Disclosure Obligations

The Policy clarifies the meaning of "client" for reporting purposes as "the party with whom the contractual arrangement to provide advisory services exists." For an adviser to an investment fund, the client would generally be considered to be the fund. The Policy states that if the adviser is also the trustee or manager of the fund, or affiliated with the trustee or manager, the adviser should consider whether its relationship with the fund presents a conflict of interest under National Instrument 81-107 Independent Review Committee for Investment Funds, and whether disclosure should be made to the Independent Review Committee.

The CSA has increased the scope of the narrative disclosure required, while decreasing the scope of quantitative disclosure. Under the Instrument, the required narrative disclosure includes: (i) a description of the process for, and factors considered in, selecting dealers to effect securities transactions; (ii) a description of the nature of arrangements entered into; (iii) the names of dealers and third parties that provided goods and services other than order execution, and the types of goods and services provided, separately identifying each affiliated entity and the types of goods and services provided by each affiliated entity; (iv) the procedures for ensuring that over time all clients whose brokerage commissions were used as payment for goods and services have received reasonable benefit from such usage; and (v) the methods by which the overall reasonableness of commissions in relation to the order execution services or research services is determined.

The current draft of the Instrument, however, is more limited in its quantitative disclosure requirements, requiring (i) the disclosure of the total client brokerage commission paid by the client during the reporting period, and (ii) disclosure on an aggregated basis, where the level of aggregation has been determined by the adviser, of the total client brokerage commissions paid, along with a reasonable estimate of the portion of those aggregated commissions that represent the amounts paid, or accumulated to pay for, goods and services other than order execution.

The Policy states that the appropriate level of aggregation should be considered in order to provide a client with sufficient information regarding the use of client brokerage commissions. By way of example, for advisers that offer only private managed accounts, disclosure may be aggregated at the firm level, for others the disclosure may be aggregated by account type. More "granular disaggregation" can be provided in situations the adviser deems appropriate, such as in the case of a mutual fund, where it may be appropriate to disaggregate to the level of the particular mutual fund rather than across all funds. The CSA believes all advisers should also include firm-wide disclosure. The intention is to provide advisers with the flexibility to base their determination of the appropriate level of aggregation on their business structure and client needs. This should relieve advisers of some of the expected burden that would have been imposed by the 2006 Instrument and Policy.

Transition Period

In response to concerns regarding the lack of a transition period, the CSA has proposed a six month transition from the effective date of the Instrument and Policy.

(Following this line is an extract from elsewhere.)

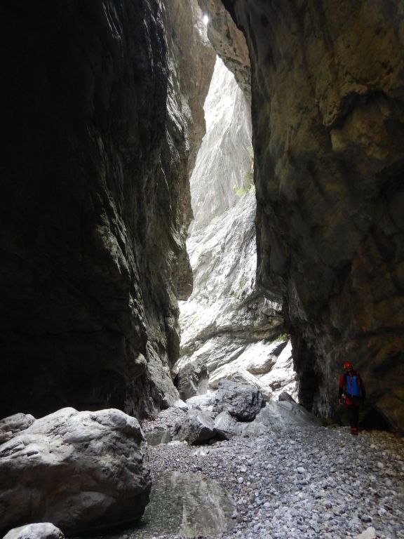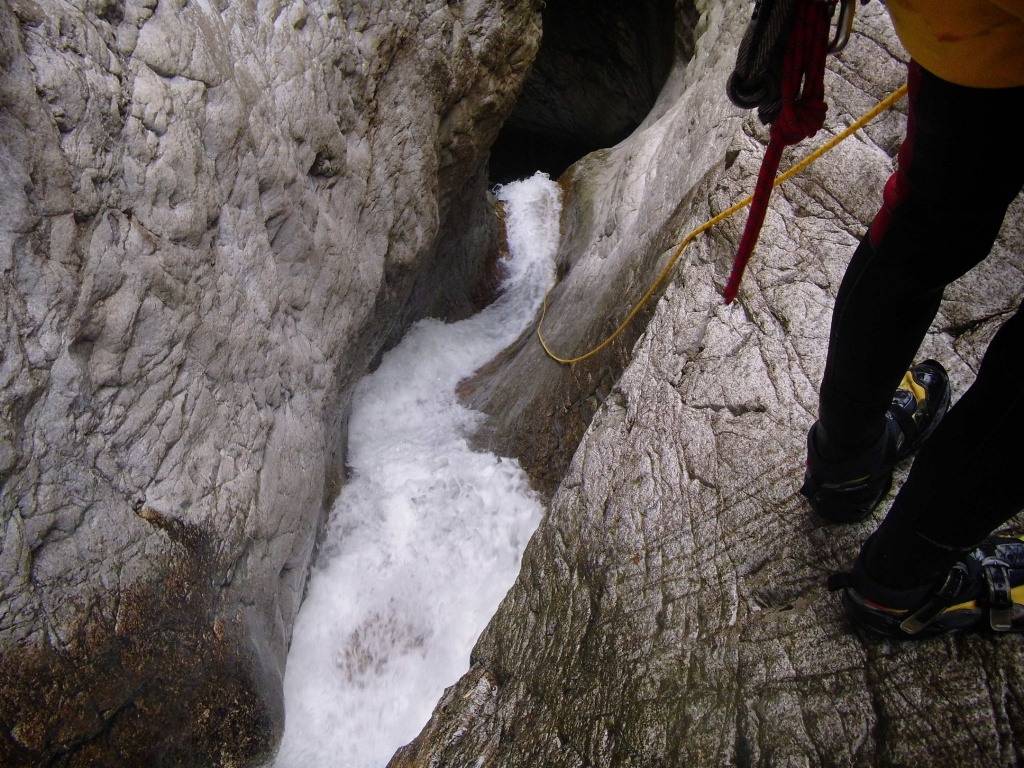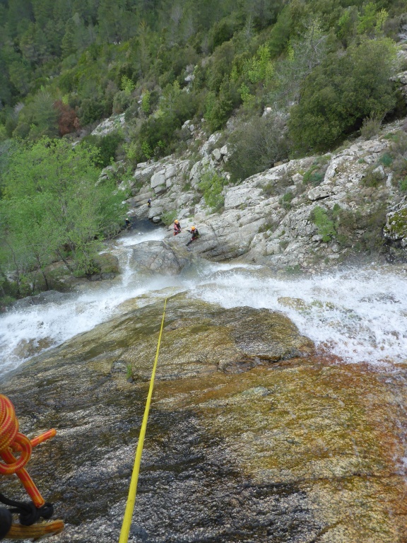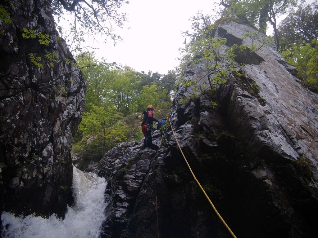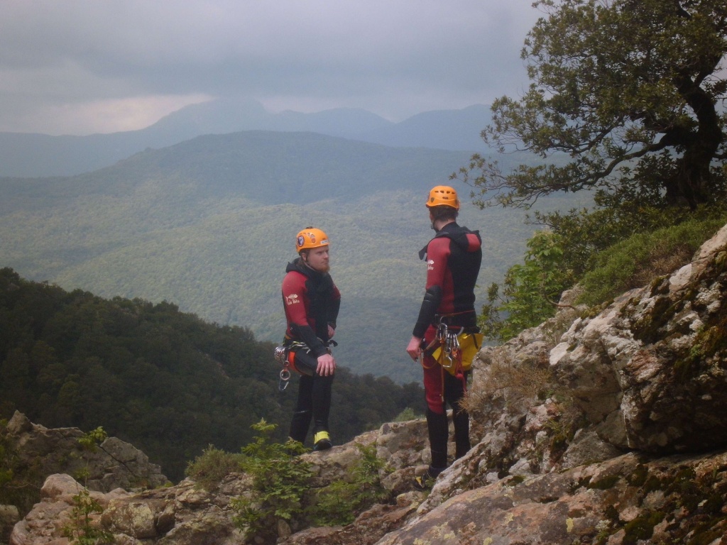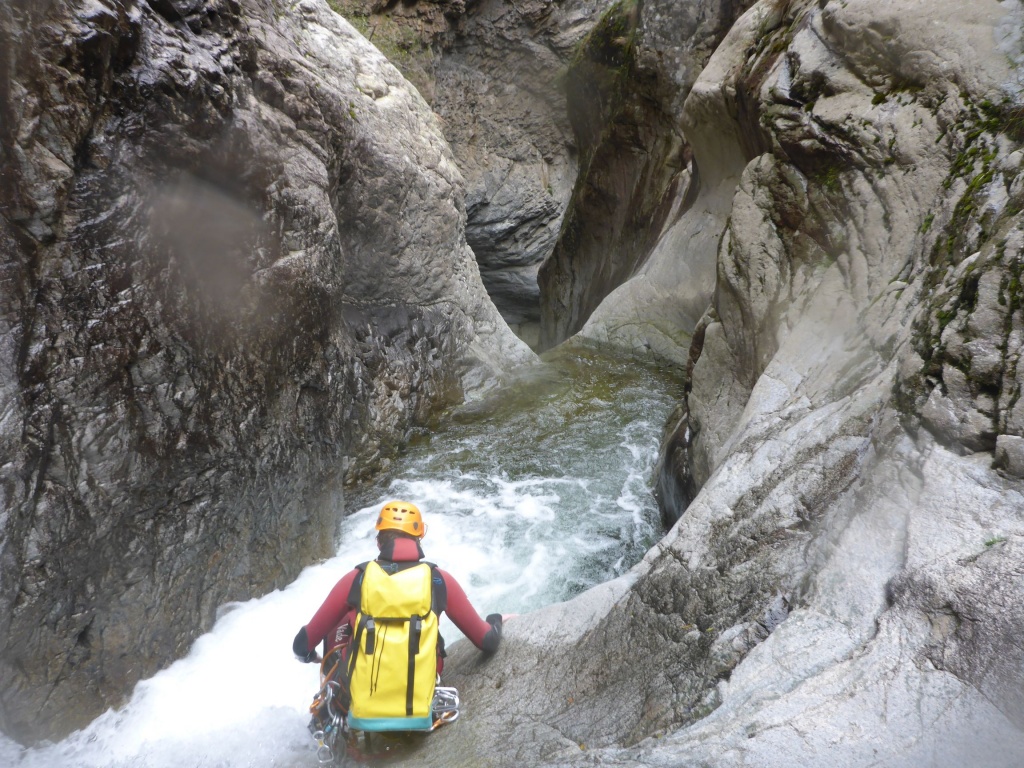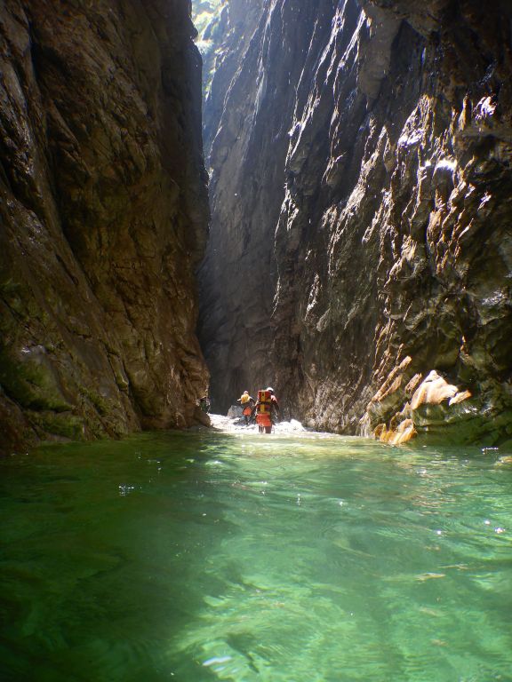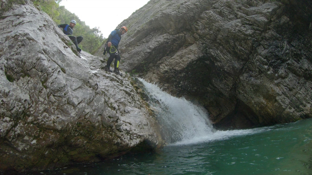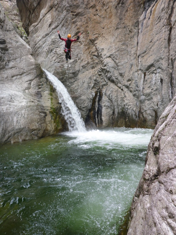 orthografisch rechts hoch, sehr steil einem kleinen Pfad folgend und erreicht schon bald einen kleinen ziemlich ebenen Weg dem man folgt bis man wieder zur Schlucht hinunter kann, dort ist dann quasi der Einstieg zum interessanten Teil der Tour. Auch hier hatten wir gut Wasser aber alles im grünen Bereich. Sprünge, Abseiler und kleine Rutschen wechseln sich ab, Gehstrecken such man vergebens.

Comments to the Instrument and Policy are requested by April 10, 2008. The CSA has also published in its corresponding notice a list of four questions for specific comment, addressing the following: the potential difficulties caused by the proposed temporal standard and its lack of consistency with US requirements, the requirement that the estimate of the aggregated commissions be split between order execution and other goods and services, the possibility of allowing advisers the option of following the disclosure requirements of another jurisdiction with similar requirements, instead of those proposed in the Instrument and Policy, and the length of the transition period. While no implementation date has been proposed, even assuming the CSA avoids publishing further amendments, we expect the Instrument and Policy would likely not be in full force until early 2009.

The content of this article is intended to provide a general guide to the subject matter. Specialist advice should be sought about your specific circumstances.